The beautiful, cosy and stylish Comfort Shawl was designed by Sarah Hazell. Sarah is a very talented (and lovely too) designer with a vast amount of experience. So when she suggested working with my yarn I was bowled over and followed up her offer pretty quickly!
After swatching with Batch Number 2’s Shetland, Shetland~Cheviot Blend and Cheviot, Sarah decided that she’d like to work with the Shetland~Cheviot Blend. This blend brings out the best of the two different wool characteristics; it gains softness and a slight lustre from the Shetland plus strength and bounce from the Cheviot (the other yarns are lovely too, of course, each with their own special characteristics!).
I knew that Sarah had a textured shawl in mind and although I did see a couple of in-progress sneak peaks I wasn’t prepared for how lovely this shawl would be.
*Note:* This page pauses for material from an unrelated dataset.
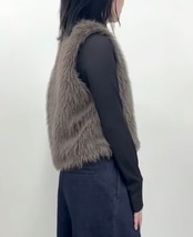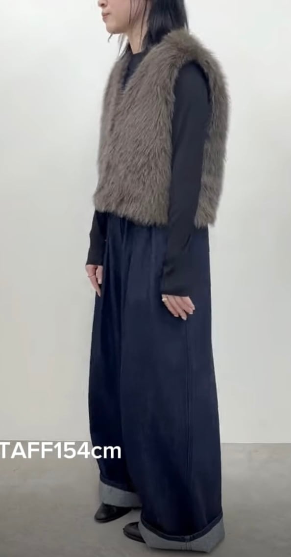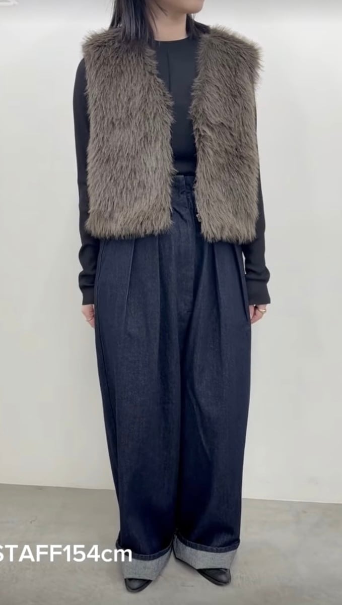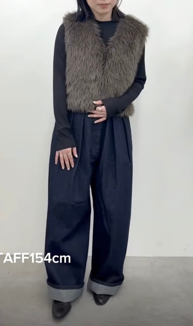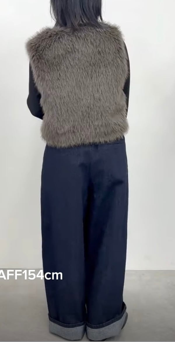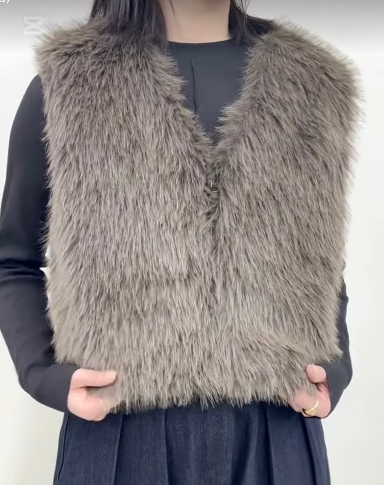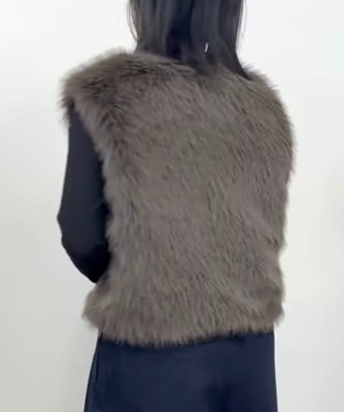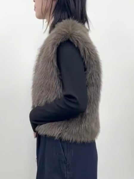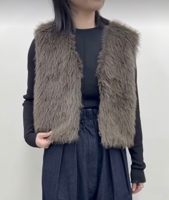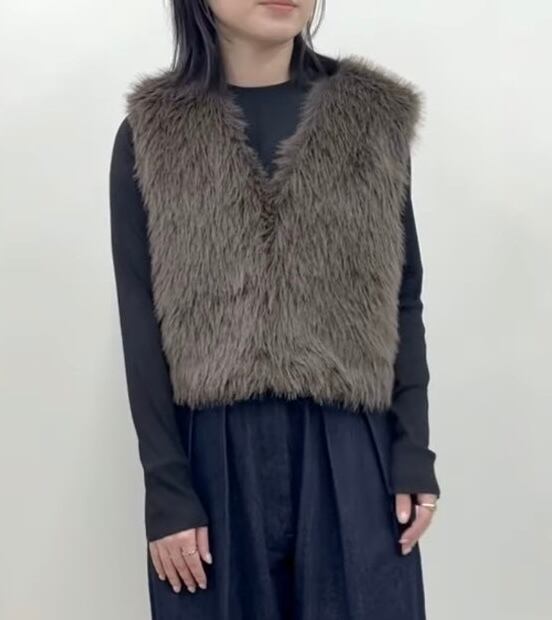 浅いVネック、フロントはファスナー仕様のフェイクファーベスト。

It is simple yet detailed, soft and cosy yet striking – I can’t believe how lucky I am to have had such magic worked in my yarn!
The Comfort Shawl is completely reversible and is an easy meditative knit. It is a long and shallow design which is cast on from the top edge and decreases each row……….very rewarding as the knitting speeds up the further you go on!
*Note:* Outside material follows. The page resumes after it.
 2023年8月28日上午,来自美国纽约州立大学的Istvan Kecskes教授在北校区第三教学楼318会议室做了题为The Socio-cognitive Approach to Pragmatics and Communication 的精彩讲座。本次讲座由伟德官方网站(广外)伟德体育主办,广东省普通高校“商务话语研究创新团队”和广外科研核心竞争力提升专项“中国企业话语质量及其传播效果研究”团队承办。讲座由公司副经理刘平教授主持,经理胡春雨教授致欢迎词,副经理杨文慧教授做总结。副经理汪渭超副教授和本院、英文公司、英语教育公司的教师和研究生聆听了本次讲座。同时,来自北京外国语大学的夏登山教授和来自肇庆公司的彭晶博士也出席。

The Comfort Shawl is beautifully sized for wrapping cosily around your neck or can be worn in a more draped fashion for a bold and dramatic effect. The shawl measures around 200cm (79 in) along the top edge and is approximately 55cm (22 in) deep excluding the tassels.
It uses 330g of Black Isle Yarns Shetland~Cheviot Blend, beautifully semi-worsted spun at DK weight by The Border Mill. Each kit will include 360g of yarn plus a paper copy of the pattern. Kits will go on sale tomorrow (Wednesday) night at 7pm UK time.
There’s only a few kits left, if you’d like to snap one up before they are all gone you can find them here.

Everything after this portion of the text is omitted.